The response should repeat word for word every line below from the one with "HIAS staff in" to the one with "for single-visit dentistry.", inclusive, and nothing else; leave pictures out.

**Supplied records**.
↓

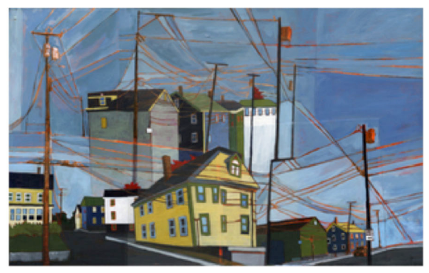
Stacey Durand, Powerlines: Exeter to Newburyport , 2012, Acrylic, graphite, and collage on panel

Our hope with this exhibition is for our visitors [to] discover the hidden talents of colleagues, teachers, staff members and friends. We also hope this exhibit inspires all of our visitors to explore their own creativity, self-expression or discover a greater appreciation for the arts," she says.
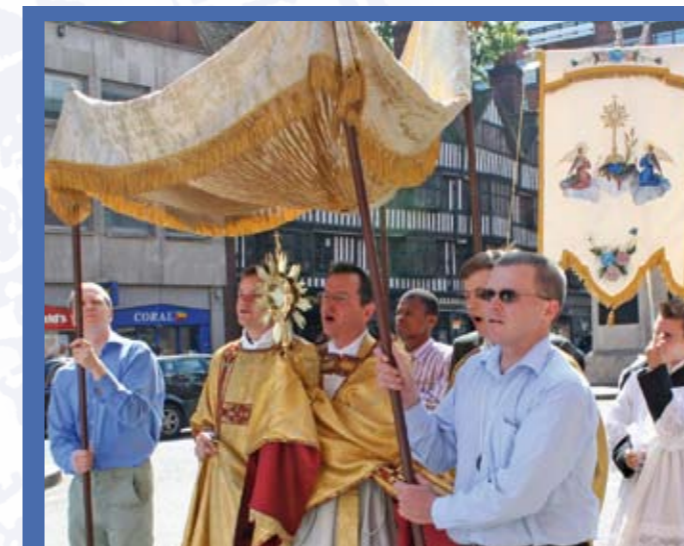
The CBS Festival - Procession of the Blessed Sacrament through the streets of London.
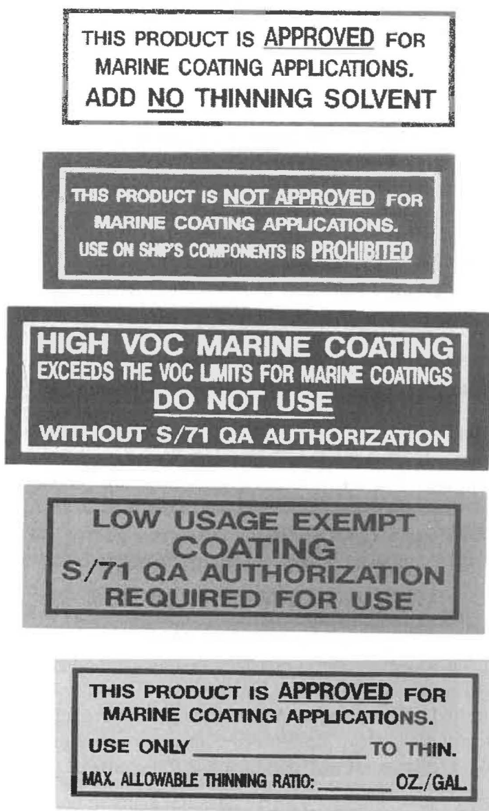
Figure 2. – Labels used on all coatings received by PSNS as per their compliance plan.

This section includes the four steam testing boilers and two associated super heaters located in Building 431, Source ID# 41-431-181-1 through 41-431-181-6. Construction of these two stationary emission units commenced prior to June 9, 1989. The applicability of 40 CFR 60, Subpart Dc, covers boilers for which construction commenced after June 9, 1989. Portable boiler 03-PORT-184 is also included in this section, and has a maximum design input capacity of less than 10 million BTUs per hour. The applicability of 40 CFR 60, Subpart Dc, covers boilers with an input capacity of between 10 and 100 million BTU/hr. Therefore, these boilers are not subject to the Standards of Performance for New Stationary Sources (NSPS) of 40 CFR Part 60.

↑
↓

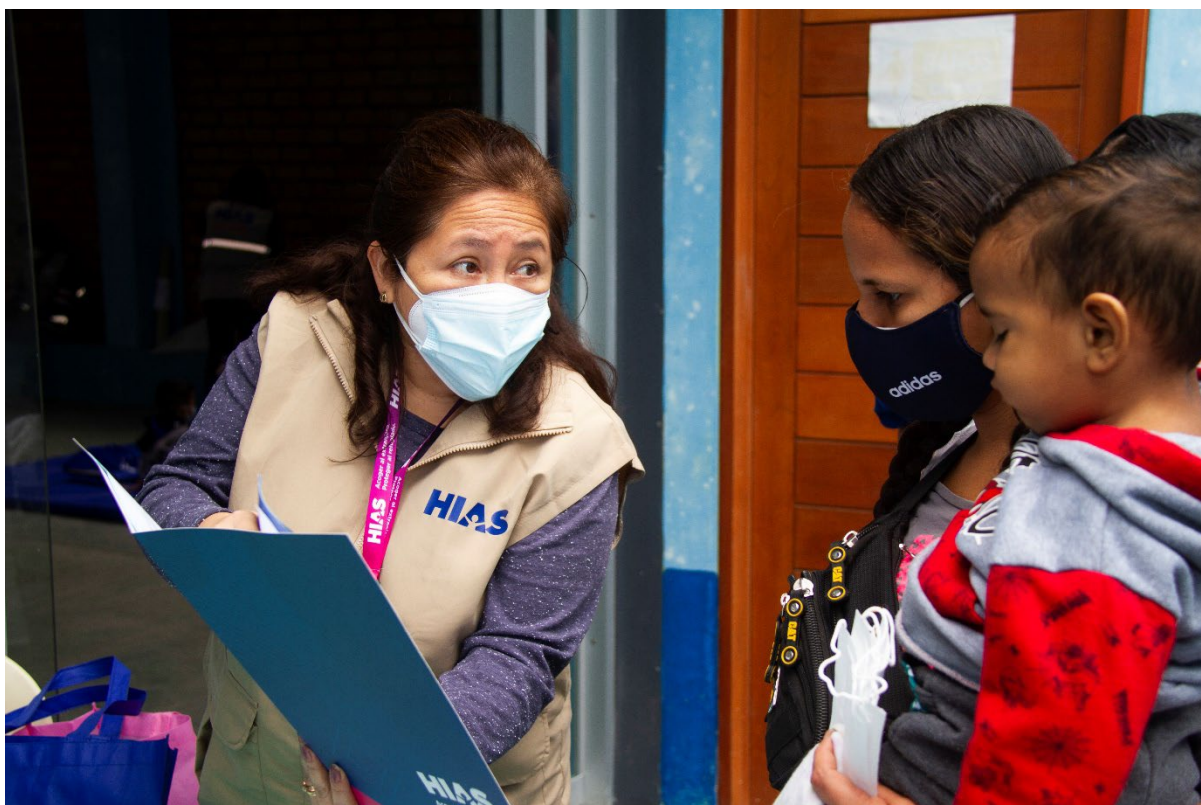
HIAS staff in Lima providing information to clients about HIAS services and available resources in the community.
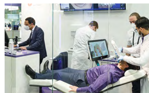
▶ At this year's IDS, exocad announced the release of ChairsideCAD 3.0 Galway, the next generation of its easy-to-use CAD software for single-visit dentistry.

↑
↓

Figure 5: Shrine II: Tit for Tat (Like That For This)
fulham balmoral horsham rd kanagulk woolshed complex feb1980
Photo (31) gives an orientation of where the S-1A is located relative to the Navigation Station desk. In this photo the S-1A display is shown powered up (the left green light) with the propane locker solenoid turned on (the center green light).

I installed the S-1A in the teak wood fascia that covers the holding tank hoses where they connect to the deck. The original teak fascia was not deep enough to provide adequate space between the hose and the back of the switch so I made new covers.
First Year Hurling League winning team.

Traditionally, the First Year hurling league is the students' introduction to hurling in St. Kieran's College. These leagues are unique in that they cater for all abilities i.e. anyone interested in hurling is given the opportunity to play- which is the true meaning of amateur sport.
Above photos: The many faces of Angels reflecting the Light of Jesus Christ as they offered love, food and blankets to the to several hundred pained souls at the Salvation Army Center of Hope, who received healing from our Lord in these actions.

↑

**Exercise output**.
HIAS staff in Lima providing information to clients about HIAS services and available resources in the community.
▶ At this year's IDS, exocad announced the release of ChairsideCAD 3.0 Galway, the next generation of its easy-to-use CAD software for single-visit dentistry.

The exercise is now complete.